What you will do –
Pictures in the records below must be left out. Return exactly the lines from the line with "8月12日,在宜城市天舒纺织" to the line with "Изысканный столовый сервиз", both included.

Exercise input –

************

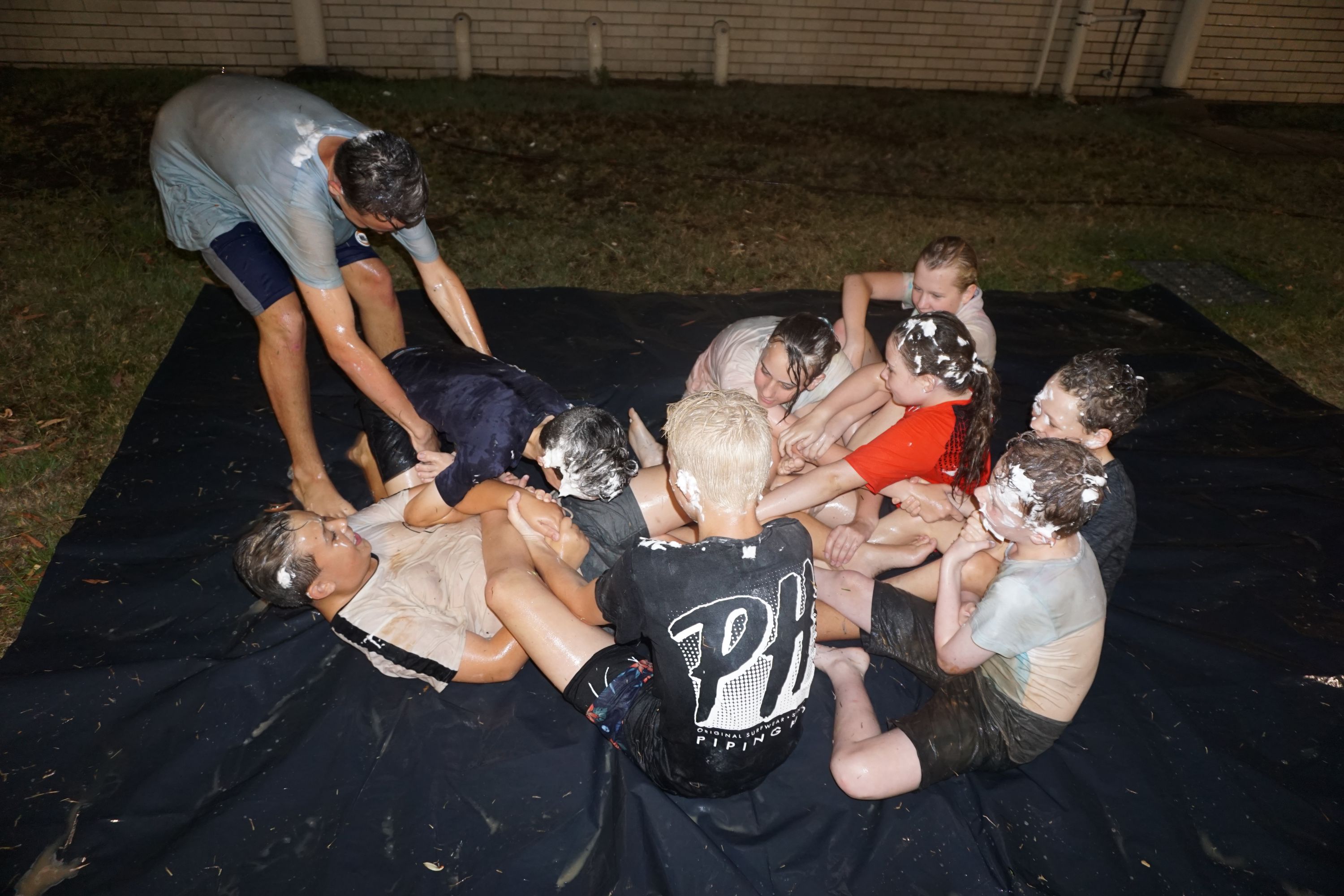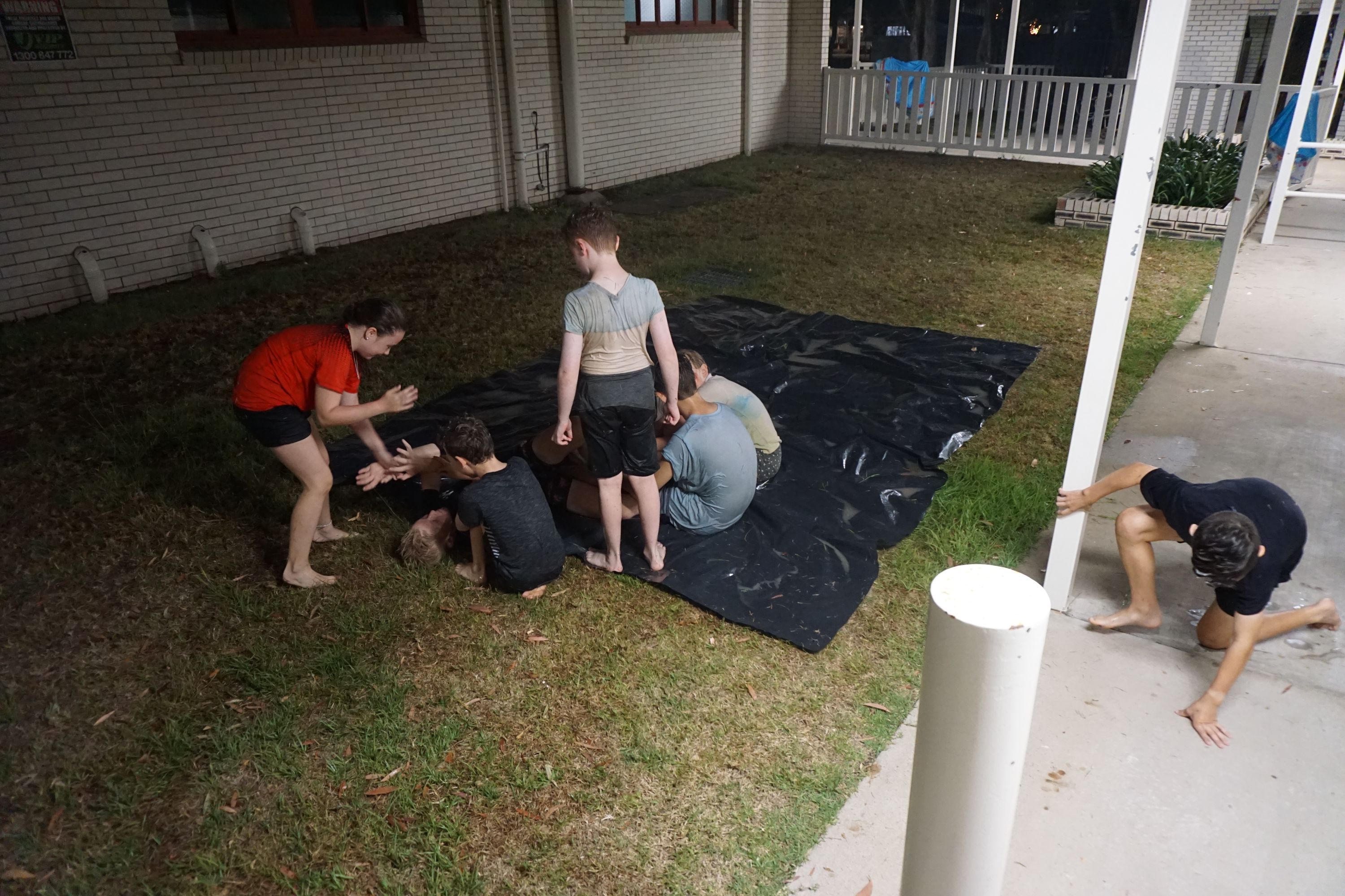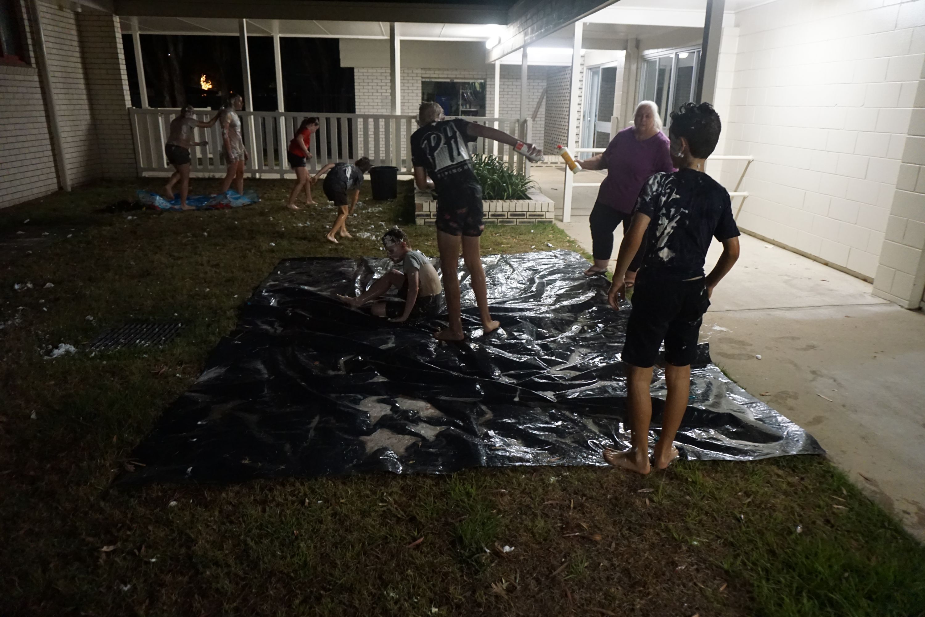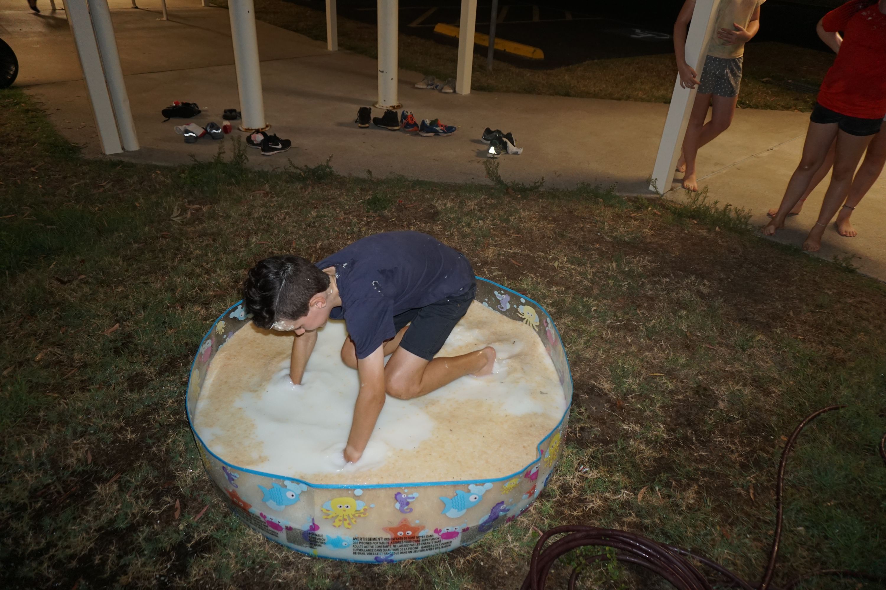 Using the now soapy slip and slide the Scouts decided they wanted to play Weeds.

************

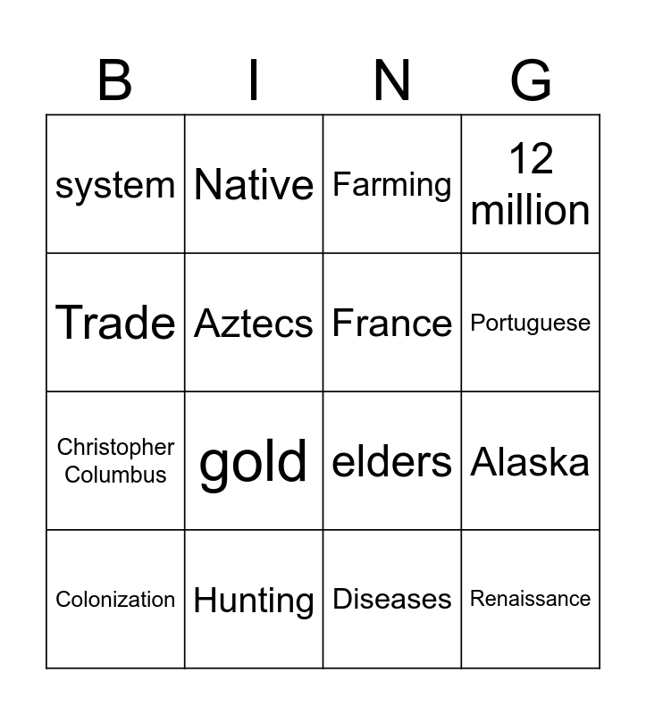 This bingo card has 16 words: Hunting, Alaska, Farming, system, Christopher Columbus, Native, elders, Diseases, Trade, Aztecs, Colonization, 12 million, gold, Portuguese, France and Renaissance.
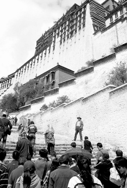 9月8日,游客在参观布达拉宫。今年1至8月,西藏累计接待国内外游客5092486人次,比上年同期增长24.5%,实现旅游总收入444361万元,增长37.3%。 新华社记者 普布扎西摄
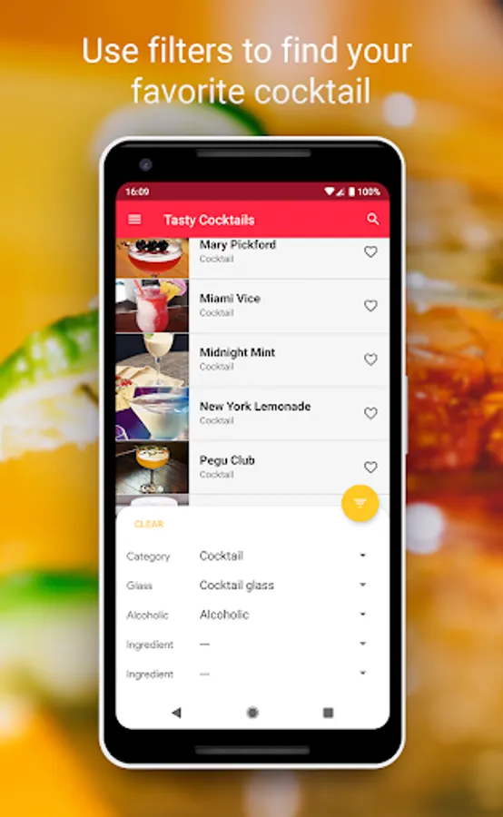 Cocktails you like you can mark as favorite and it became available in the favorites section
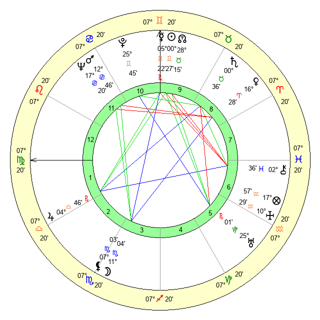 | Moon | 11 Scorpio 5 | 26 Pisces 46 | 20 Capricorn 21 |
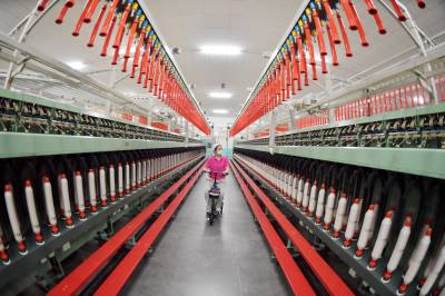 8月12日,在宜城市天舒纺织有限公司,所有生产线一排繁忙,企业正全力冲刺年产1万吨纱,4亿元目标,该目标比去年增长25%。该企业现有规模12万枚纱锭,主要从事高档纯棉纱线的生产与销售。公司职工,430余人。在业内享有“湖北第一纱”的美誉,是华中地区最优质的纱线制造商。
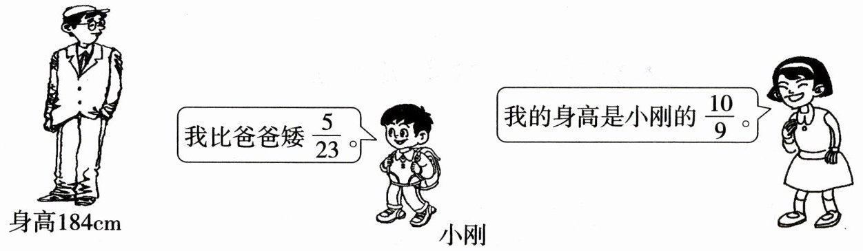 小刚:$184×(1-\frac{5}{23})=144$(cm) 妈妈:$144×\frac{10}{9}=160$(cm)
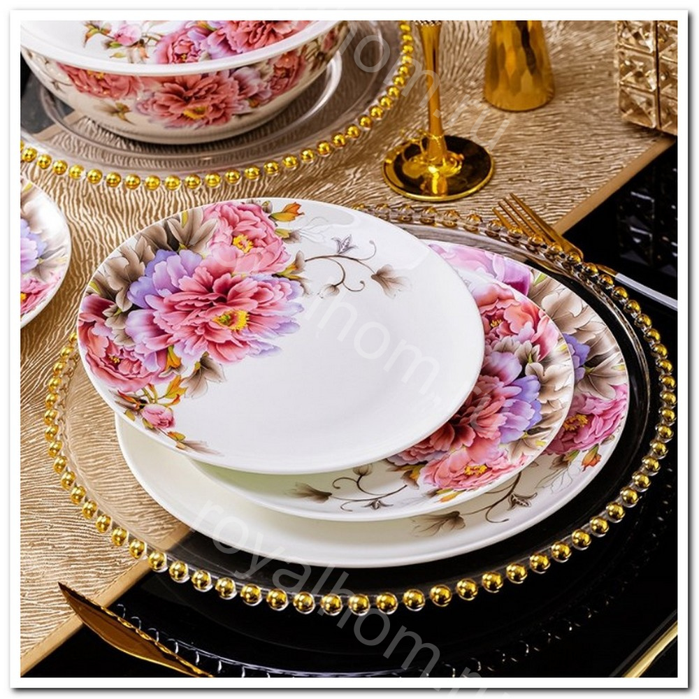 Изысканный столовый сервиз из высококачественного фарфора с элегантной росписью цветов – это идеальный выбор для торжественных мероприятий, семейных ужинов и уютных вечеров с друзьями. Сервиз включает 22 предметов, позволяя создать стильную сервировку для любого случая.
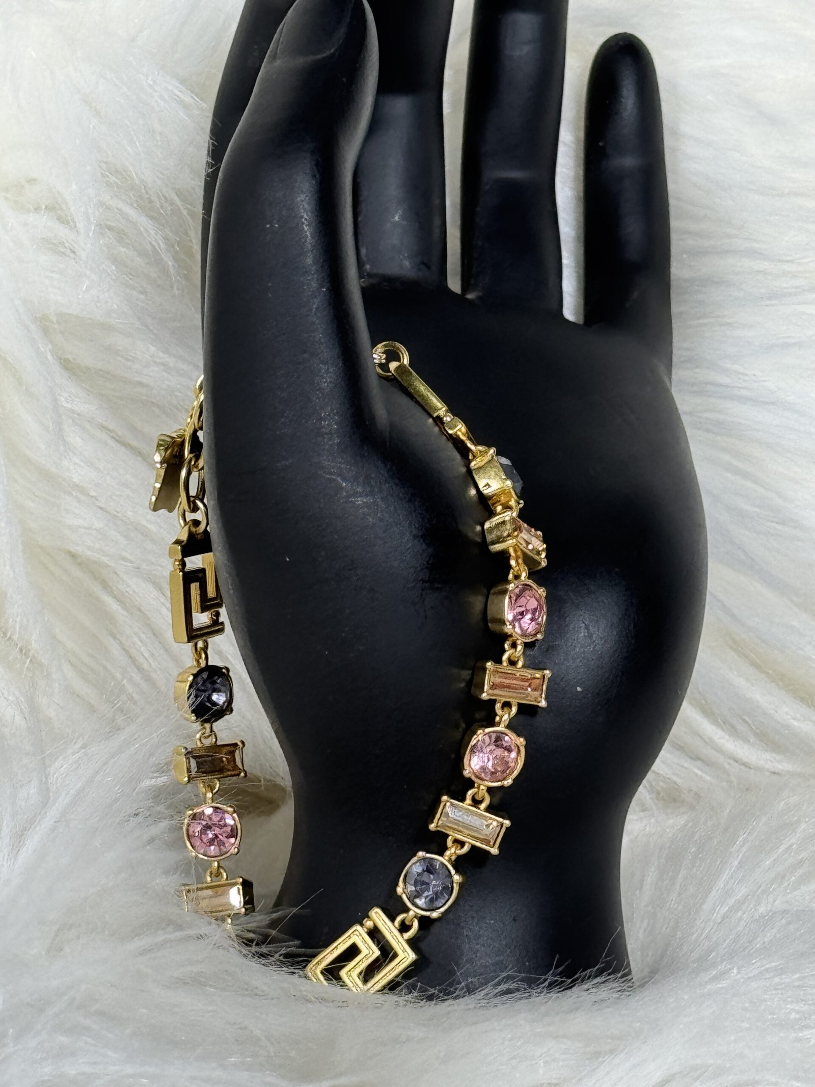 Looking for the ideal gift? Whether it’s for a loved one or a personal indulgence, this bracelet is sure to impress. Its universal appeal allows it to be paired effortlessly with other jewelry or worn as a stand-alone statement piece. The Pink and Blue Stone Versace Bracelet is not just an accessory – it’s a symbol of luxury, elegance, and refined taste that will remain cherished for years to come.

************

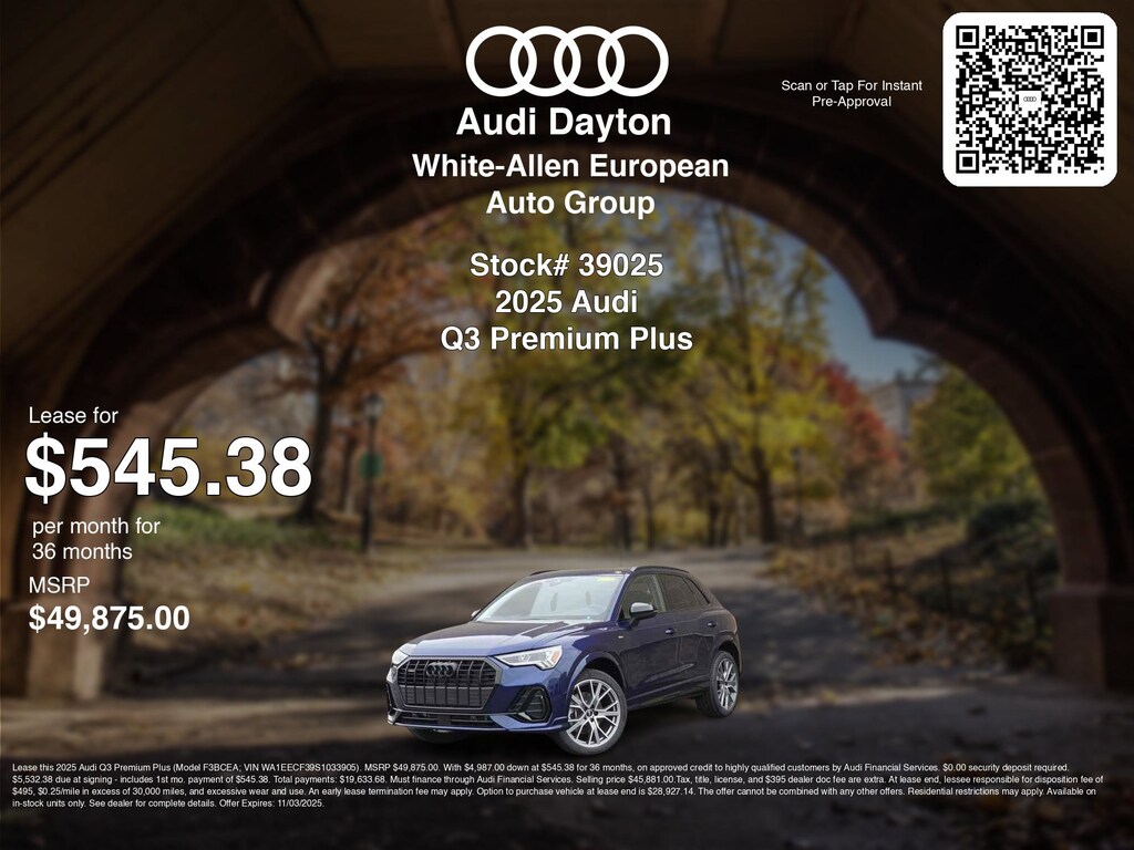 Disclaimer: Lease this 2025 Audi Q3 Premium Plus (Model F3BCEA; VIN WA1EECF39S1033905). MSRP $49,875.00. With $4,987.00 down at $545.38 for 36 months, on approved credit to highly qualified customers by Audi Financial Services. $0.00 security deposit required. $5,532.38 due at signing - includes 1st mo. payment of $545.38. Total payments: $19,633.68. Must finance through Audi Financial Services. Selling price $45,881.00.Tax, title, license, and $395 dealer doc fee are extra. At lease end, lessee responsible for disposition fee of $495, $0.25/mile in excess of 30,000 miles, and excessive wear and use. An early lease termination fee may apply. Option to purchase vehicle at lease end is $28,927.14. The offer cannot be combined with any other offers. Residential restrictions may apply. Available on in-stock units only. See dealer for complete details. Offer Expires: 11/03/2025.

************

Task result –
 8月12日,在宜城市天舒纺织有限公司,所有生产线一排繁忙,企业正全力冲刺年产1万吨纱,4亿元目标,该目标比去年增长25%。该企业现有规模12万枚纱锭,主要从事高档纯棉纱线的生产与销售。公司职工,430余人。在业内享有“湖北第一纱”的美誉,是华中地区最优质的纱线制造商。
 小刚:$184×(1-\frac{5}{23})=144$(cm) 妈妈:$144×\frac{10}{9}=160$(cm)
 Изысканный столовый сервиз из высококачественного фарфора с элегантной росписью цветов – это идеальный выбор для торжественных мероприятий, семейных ужинов и уютных вечеров с друзьями. Сервиз включает 22 предметов, позволяя создать стильную сервировку для любого случая.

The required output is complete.